By Karel Glastra van Loon and Jan Marijnissen

Spectrezine
01 July, 2003

Hugo Grotius, a 17th century thinker, is often called the father of international law. He once said that as soon as you diverge from international law you violate the foundation of future peace and take the path that leads to chaos. It goes without saying that those words are as relevant now as they were when they were spoken for the first time. Many rightfully blame the United States and her coalition of allies for ignoring the international law in their war against Iraq. Nevertheless, this war has precedents. The protests against these previous wars were less harsh. It is legitimated to ask whether the NATO-attacks on Kosovo and Yugoslavia in the spring of 1999 were not the first steps on the path that led to chaos.

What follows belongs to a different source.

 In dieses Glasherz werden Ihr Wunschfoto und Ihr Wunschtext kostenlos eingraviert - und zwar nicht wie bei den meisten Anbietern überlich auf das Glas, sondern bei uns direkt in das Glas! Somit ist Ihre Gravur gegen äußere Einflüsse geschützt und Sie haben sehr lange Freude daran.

Everybody thought that the Kosovo war would be over in a few days, yet it took three months of heavy bombardment to put a formal end to the war. At that time we decided to investigate how the Yugoslavian crisis had come to this point, and to what extent the Kosovo war could be seen as a war against a criminal regime, yet a war that did not have to be fought. This resulted in a book - unfortunately not available in English - whose title translates as The last war or The latest war. In this book we concluded among other things that the fact that NATO had started the attack without permission of the Security Council was at least of doubtful legality. We also argued that the experiences of Bosnia showed that a high price had to be paid for the interventions by NATO. The American intervention in the conflict had not only prolonged the war by a year, even then it had not led to an enduring peace. To this day Bosnia remains under some sort of UN rule, with almost no prospect of a peaceful future if the UN troop would be withdrawn.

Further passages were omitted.